|
|
|
|
|
by daemonk
4085 days ago
|
|
So the heart of the problem, from what I can gather, is the sliding window approach to generating subsequences. This approach necessarily generates "redundantly similar" windows, ie. windows will be most similar to their closest neighboring windows since there is an overlapping length of window - 1 The sliding window approach is not adding random noise to the clustering, it is adding redundantly similar data to the clustering resulting in almost perfect sine-wave-like cluster centers. |
|
I am coming from a genomics background, so when I read about sliding window on time series data, I think about sliding window approach on regions of genome sequences.
The ultimate point of doing this clustering is to find repetitive sub-sequences in the series. This is also something we do commonly in the genomics field (repeatmasker/repeatmodeler software for example).

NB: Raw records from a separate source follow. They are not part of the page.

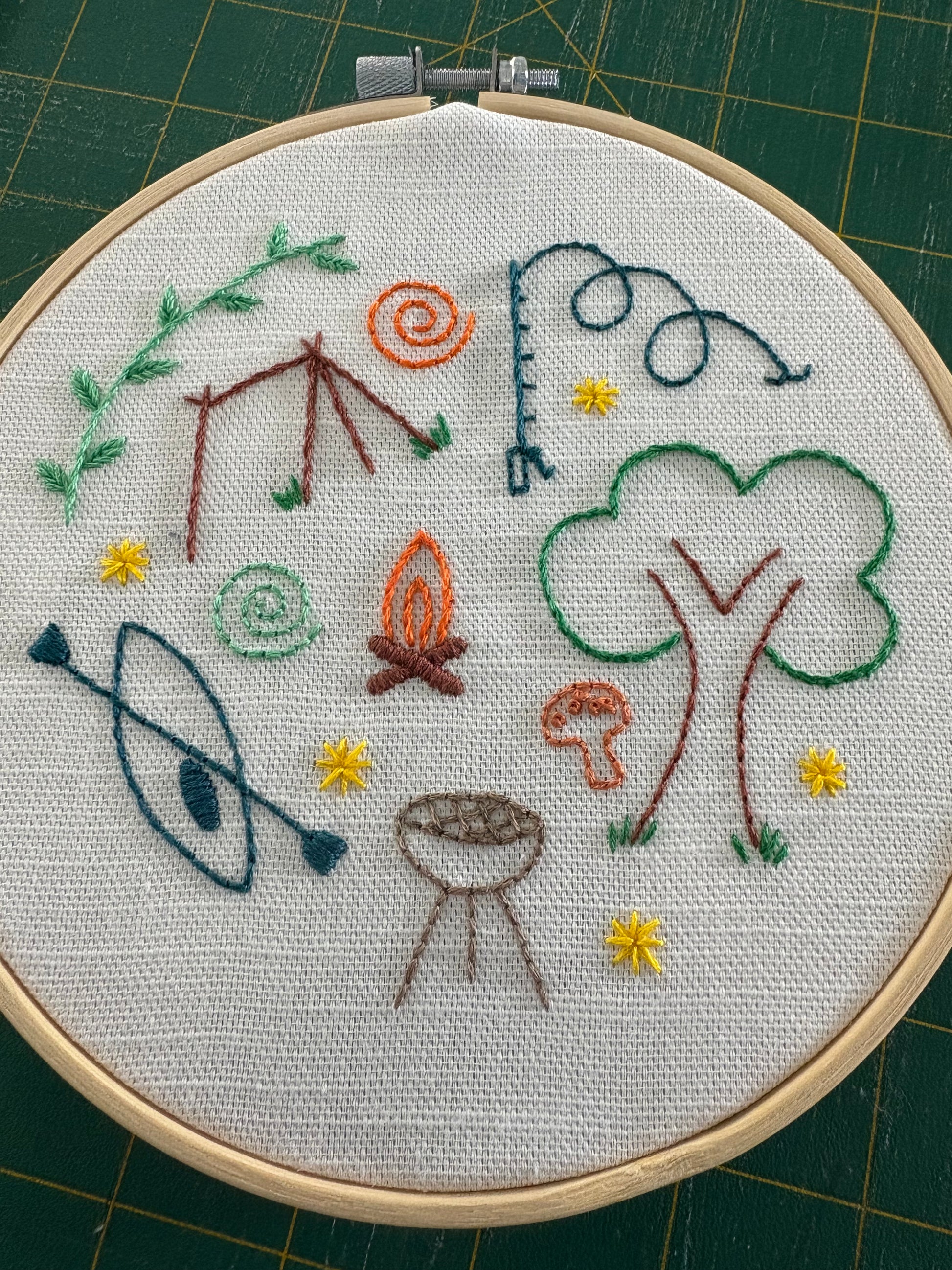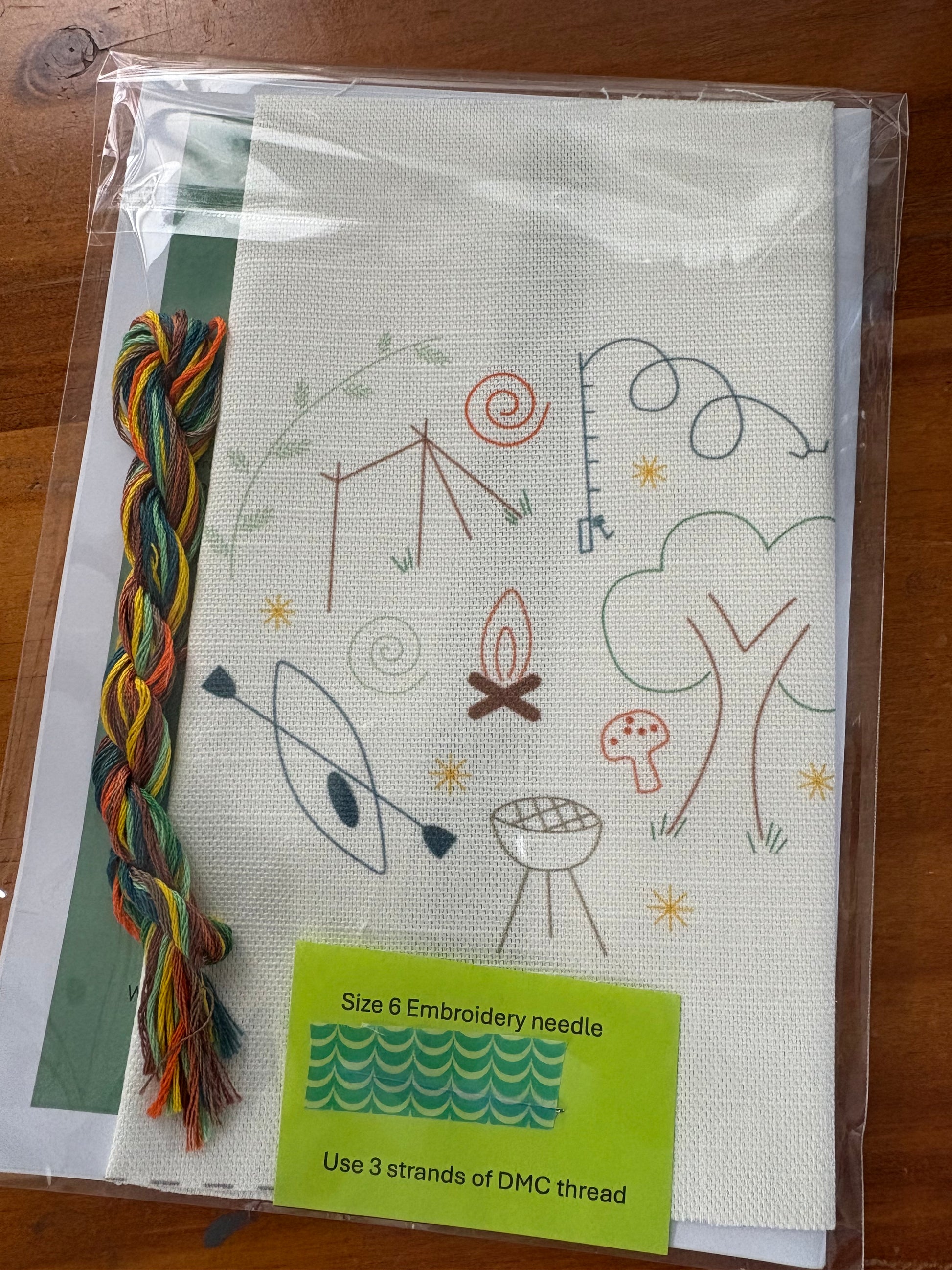 Camping Trip embroidery kit, preprinted in colour on a cotton and linen blend fabric. All threads and needle included as well as easy to follow instructions. The design size 13cm x 11cm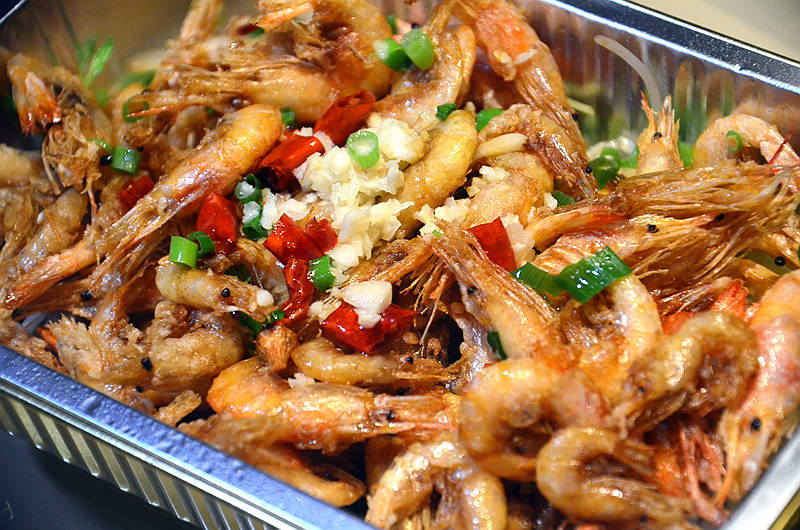 油淋小白虾,小白虾烹制的香香脆脆,不用剥壳直接吃,鲜香够味,吃上一只虾,喝口啤酒,无比惬意。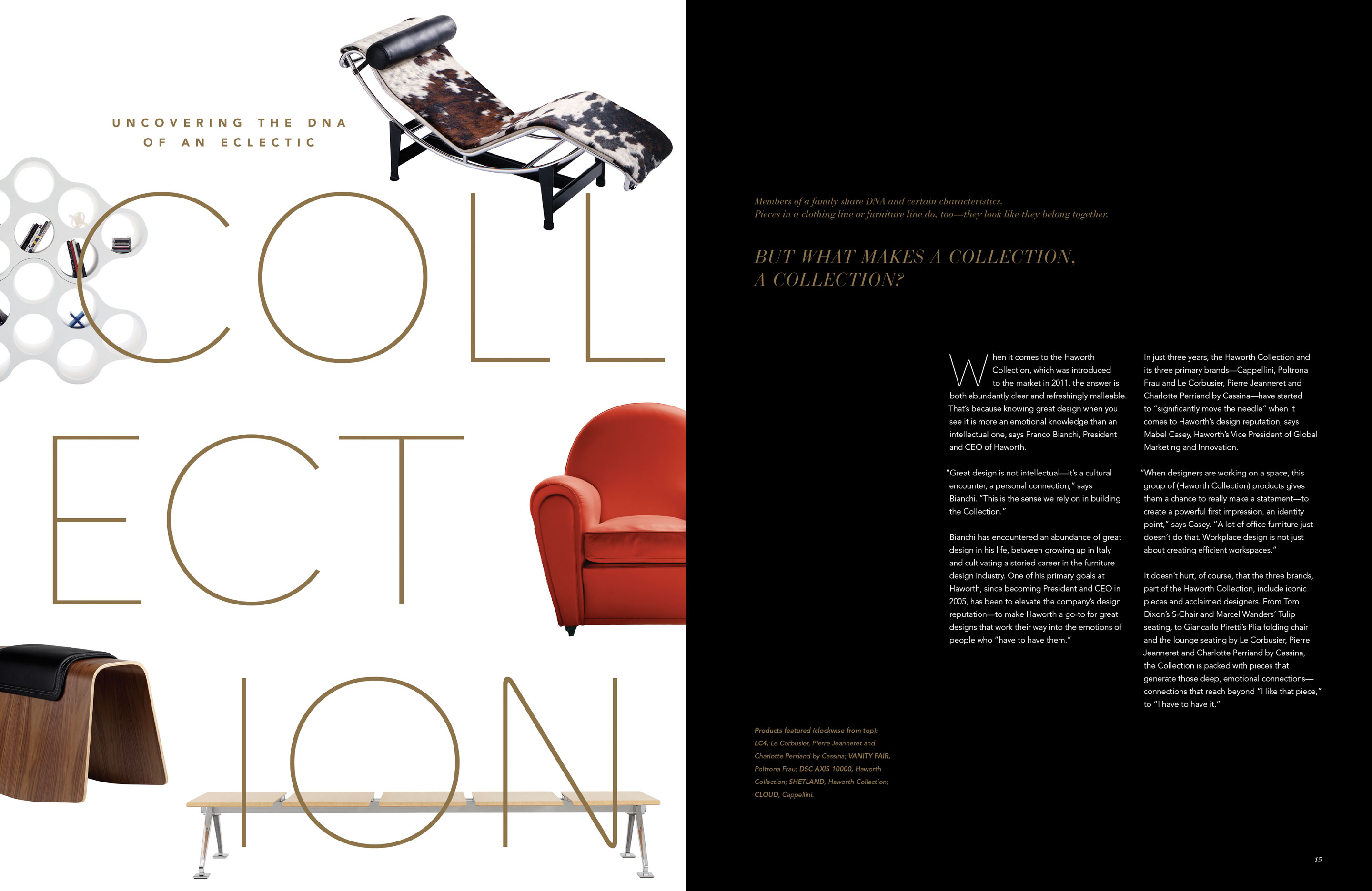 Editorial design for Icon, a publication showcasing the Haworth Collection brands.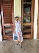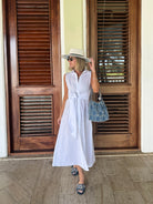 This elegant midi dress is made of 100% soft breathable cotton, offering a perfect blend of comfort and style.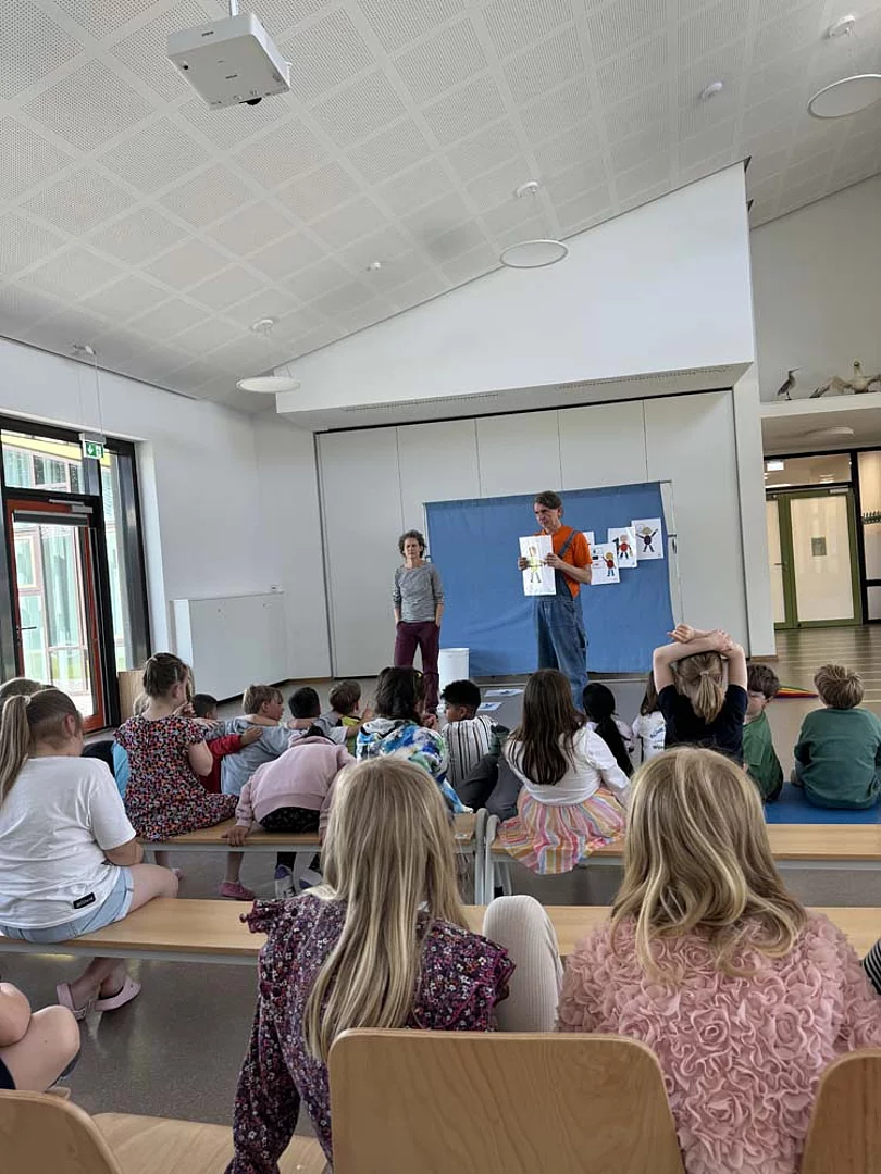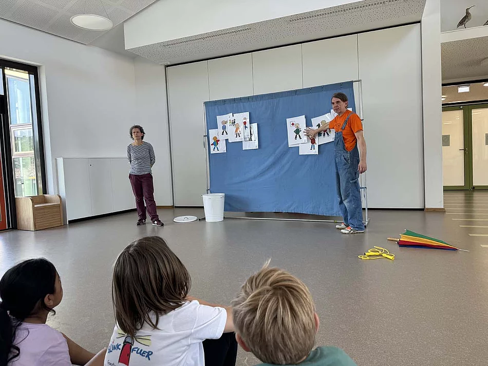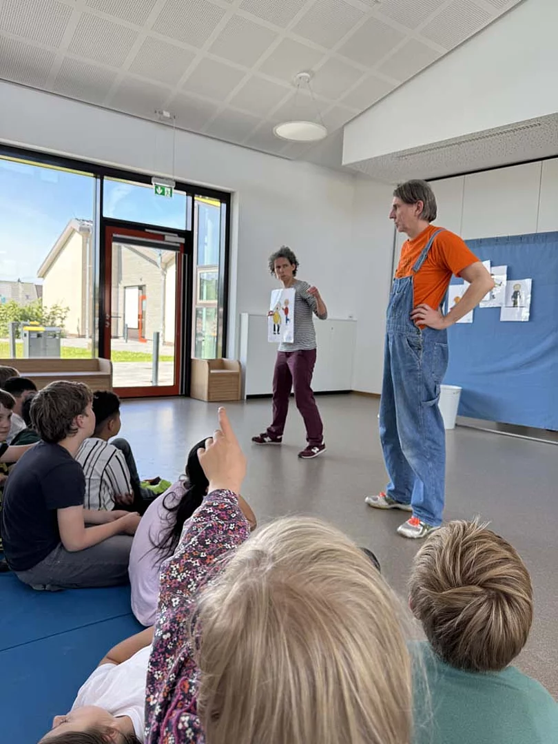 Die Schauspielerin und der Schauspieler der theaterpädagogischen Werkstatt aus Hamburg besuchten uns am Grundschulteil an zwei Tagen. Am ersten Abend waren die Eltern eingeladen, um sich das Theaterstück „Die große Nein-Tonne“ anzusehen. Anschließend übermittelte das Schauspielerpaar den Eltern ihre pädagogischen Absichten und Informationen zu diesem Präventions-Projekt.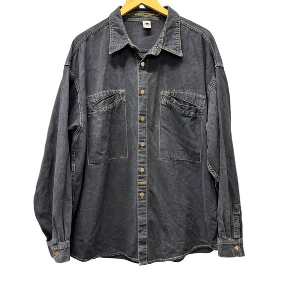 Marithe + Francois Girbaud Shirt Mens XL Black Denim Wash Button Up Vintage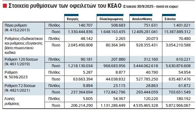 Όλα αυτά, ενώ το συνολικό χρέος που έχει συσσωρευτεί στο ΚΕΑΟ, στα τέλη του γ’ τριμήνου του 2025, εκτοξεύθηκε στα 50,68 δισ. ευρώ.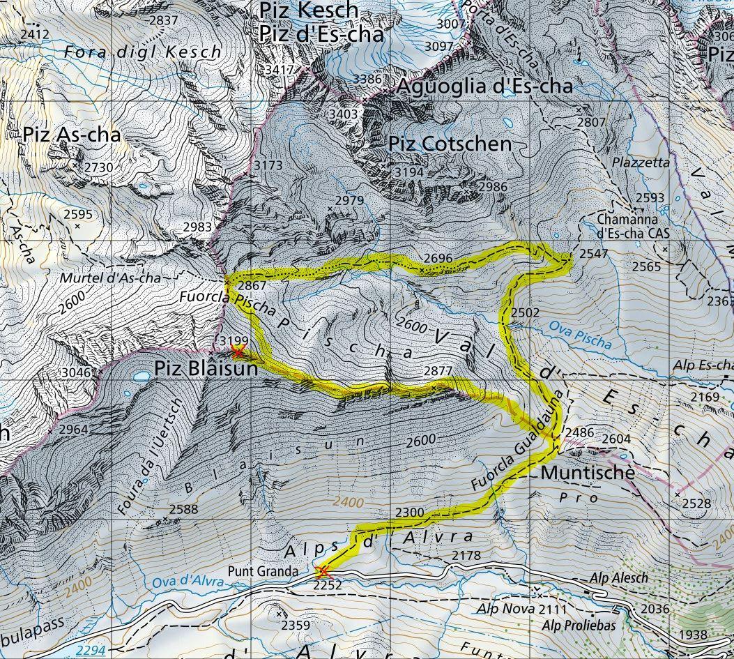 Albulapass (2252m) - Fuorcla Gualdauna (2486m) - Piz Blaisun-Ostgrat - Piz Blaisun unterhalb Gipfel (3100m) - Fuorcla Pischa (2867m) - Fuorcla Gualdauna (2486m) - Albulapass (2252m)

Something we can look at in genomes is a "k-mer coverage". A k-mer is just a k-lengthed sub-sequence (A,T,G,C), analogous to a k-length sub-sequence of a time series.
By scanning the genome, we can tally up how many times a k-mer appears in the genome. With this tally, we can determine a k-mer coverage for a region on the genome. This gives us an idea how many times we see this same region on the rest of the genome.
Maybe this approach can be adapted somehow? The only problem is that in genomics, we have four discrete classes (A,G,T,C), making finding exact matching relatively easy. In time-series, we have continuous data, making finding matches a lot tougher to do and define.